Instructions for the task → An exact copy of the data is required. No picture may appear in it.

Extracted entries →
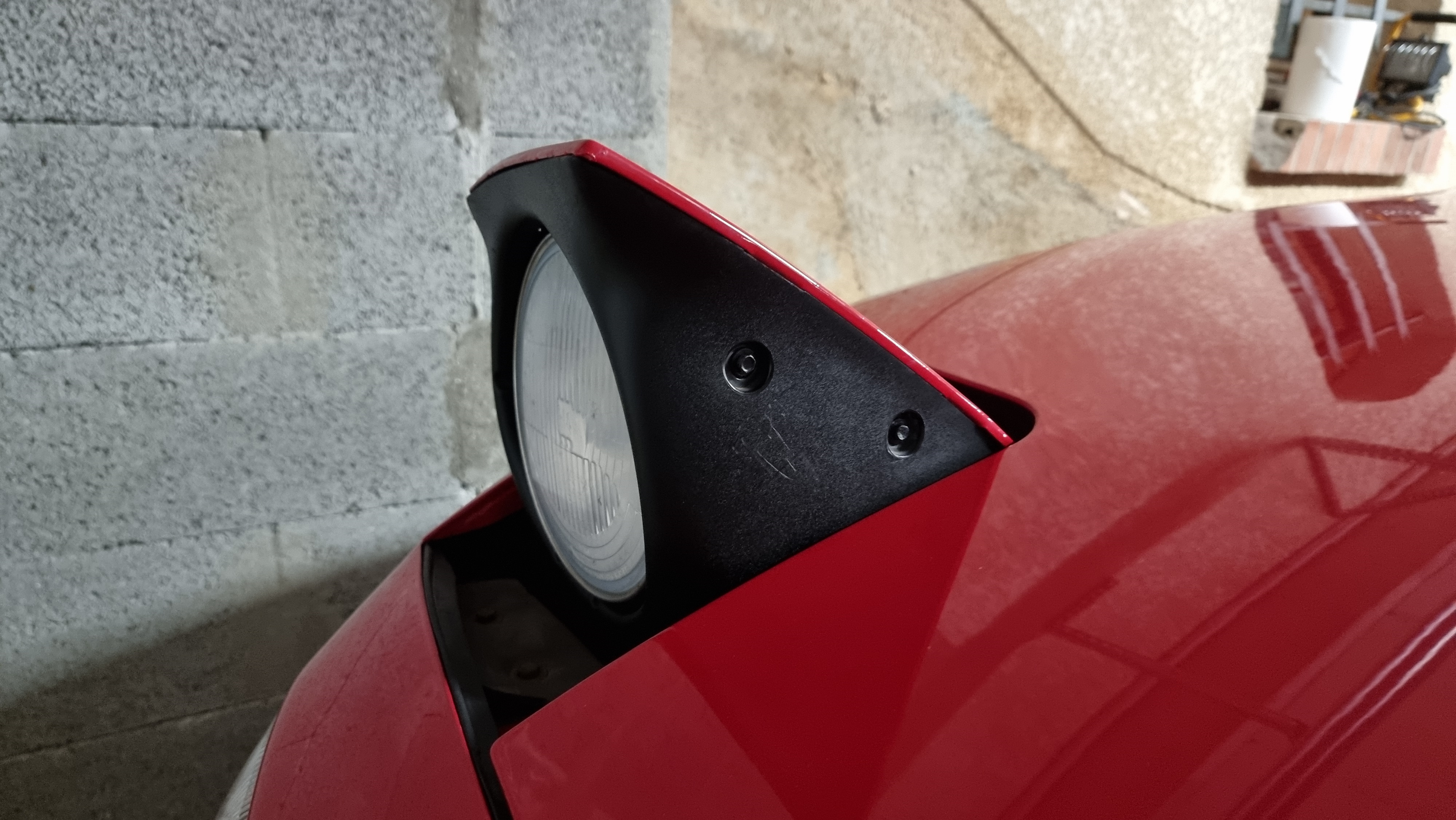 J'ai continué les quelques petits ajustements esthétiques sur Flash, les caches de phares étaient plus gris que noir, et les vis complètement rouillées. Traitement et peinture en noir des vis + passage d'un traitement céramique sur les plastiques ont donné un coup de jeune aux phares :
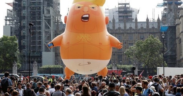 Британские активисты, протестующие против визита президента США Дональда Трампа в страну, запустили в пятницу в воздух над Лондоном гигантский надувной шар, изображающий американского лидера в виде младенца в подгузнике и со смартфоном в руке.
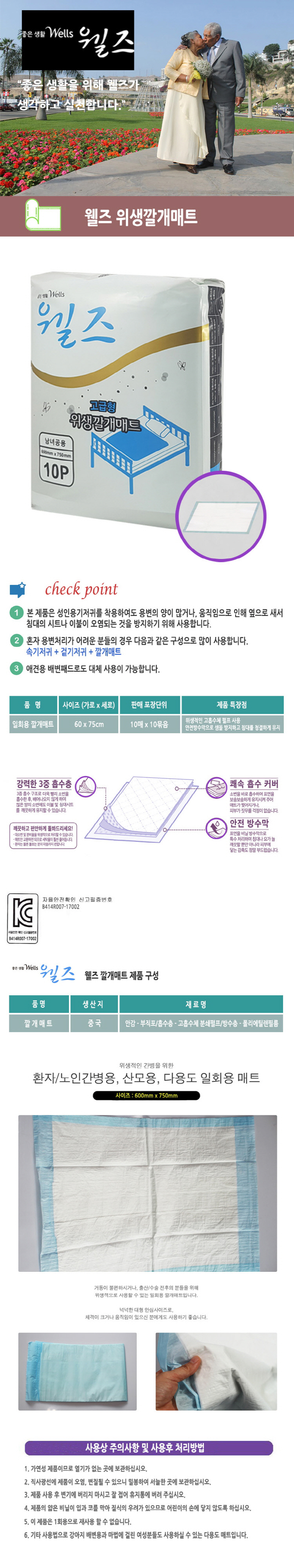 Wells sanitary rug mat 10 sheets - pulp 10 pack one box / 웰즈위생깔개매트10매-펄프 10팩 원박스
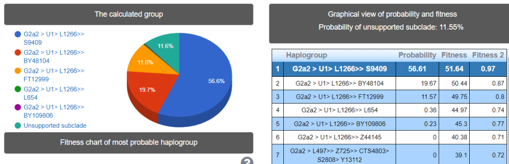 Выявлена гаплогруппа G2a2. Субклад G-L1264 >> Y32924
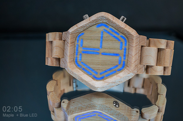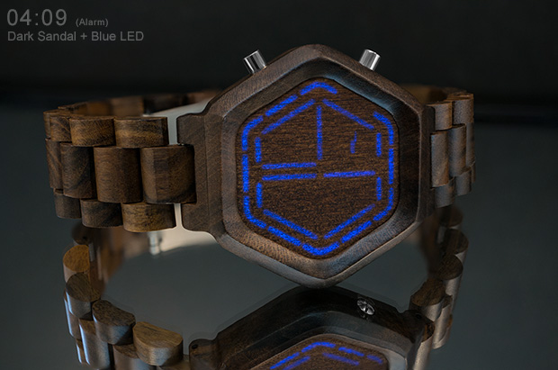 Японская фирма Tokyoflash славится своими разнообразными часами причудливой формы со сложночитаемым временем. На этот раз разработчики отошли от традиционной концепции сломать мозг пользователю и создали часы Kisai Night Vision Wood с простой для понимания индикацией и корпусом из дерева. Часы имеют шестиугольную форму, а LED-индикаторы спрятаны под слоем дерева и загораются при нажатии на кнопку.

Answer below →
 J'ai continué les quelques petits ajustements esthétiques sur Flash, les caches de phares étaient plus gris que noir, et les vis complètement rouillées. Traitement et peinture en noir des vis + passage d'un traitement céramique sur les plastiques ont donné un coup de jeune aux phares :
 Британские активисты, протестующие против визита президента США Дональда Трампа в страну, запустили в пятницу в воздух над Лондоном гигантский надувной шар, изображающий американского лидера в виде младенца в подгузнике и со смартфоном в руке.
 Wells sanitary rug mat 10 sheets - pulp 10 pack one box / 웰즈위생깔개매트10매-펄프 10팩 원박스
 Выявлена гаплогруппа G2a2. Субклад G-L1264 >> Y32924
 Японская фирма Tokyoflash славится своими разнообразными часами причудливой формы со сложночитаемым временем. На этот раз разработчики отошли от традиционной концепции сломать мозг пользователю и создали часы Kisai Night Vision Wood с простой для понимания индикацией и корпусом из дерева. Часы имеют шестиугольную форму, а LED-индикаторы спрятаны под слоем дерева и загораются при нажатии на кнопку.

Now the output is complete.